Sweetser wrote that Hanson told the public the investigation did not find race as a factor in the hazing, which Sweetser wrote was false because the district received reports from Black student-athletes that they were being targeted and subjected to racial slurs and harassment at school.

The district was required by law to take action against the alleged harassment, but did not.

The "suppression of racial discrimination complaints" violated state and district policies, which mandated the district to proceed under discrimination complaint procedures when an investigation reveals civil rights implications, Sweetser wrote. Hanson "abandoned" the discriminatory Harassment, Intimidation, and Bullying procedures and proceeded exclusively under a narrower Title IX framework.

The district argued and Hanson testified that he removed findings of racial targeting from the report on the advice of the district's attorneys, according to Sweetser. The attorneys instructed Hanson at his deposition not to answer questions about why he removed the racial findings from the report, asserting attorney-client privilege.

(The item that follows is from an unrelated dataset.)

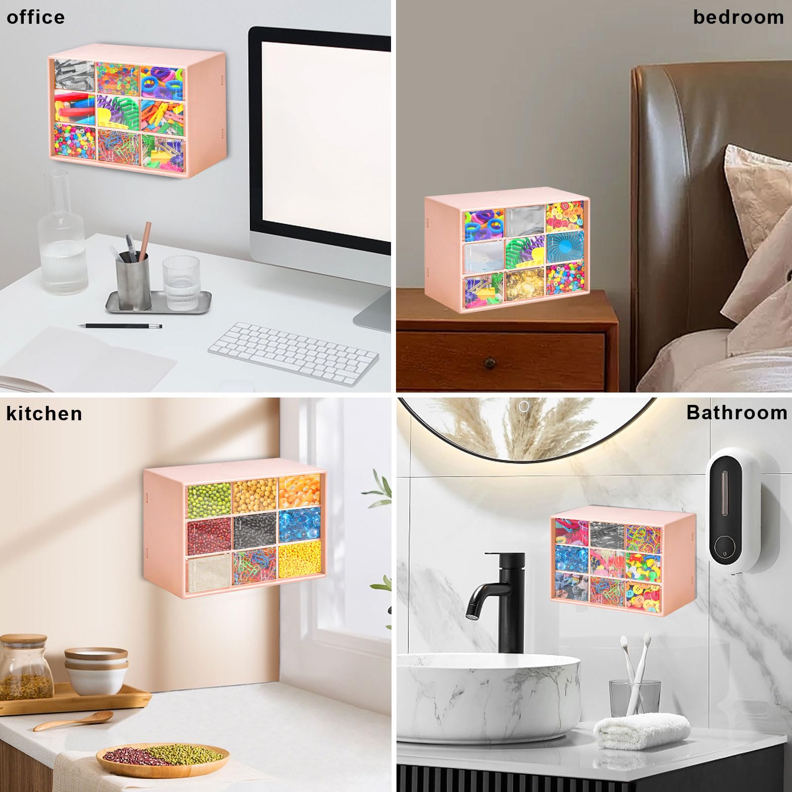 2個 パーツキャビネット 引き出し小物入れ 卓上収納ボックス 9分仕切り防塵透明雑貨収納 文具収納 道具箱 壁掛け可能なアクセサリーケース チェスト ジュエリー収納 オーガナイザー18*11.7*9.7CM

Reached in separate phone calls on Monday, board Vice President Alan Nolan and member Michael Cannon each declined to discuss Hanson's alleged actions in altering the report.

Asked if they would consider any sort of discipline or evaluation of the superintendent, who is the board's sole employee, neither offered any insight.

"We evaluate the entire performance, so I'm not going to make any comment on that," Nolan said.

"I can't comment on that right now, pending the upcoming trial," Cannon said.

Sweetser also is representing a white player who tried to protect Black players from the massage gun assaults and was assaulted himself as a result, according to that lawsuit against Mead School District. Plese found in March the district liable in that case, which is also heading to trial next month.

Two of the four Black students settled their cases with the school district.

Misdemeanor fourth-degree assault charges were submitted to the Spokane County Prosecutor's Office for five students involved in the 2023 assaults, but prosecutors did not charge them with assault.

Instead, per state law, they were referred to a diversion program because they had no criminal history and the charge was a gross misdemeanor. A diversion agreement is outside the criminal justice system and may require the defendants to perform community service, counseling and other similar options.

Reporter Elena Perry contributed to this report.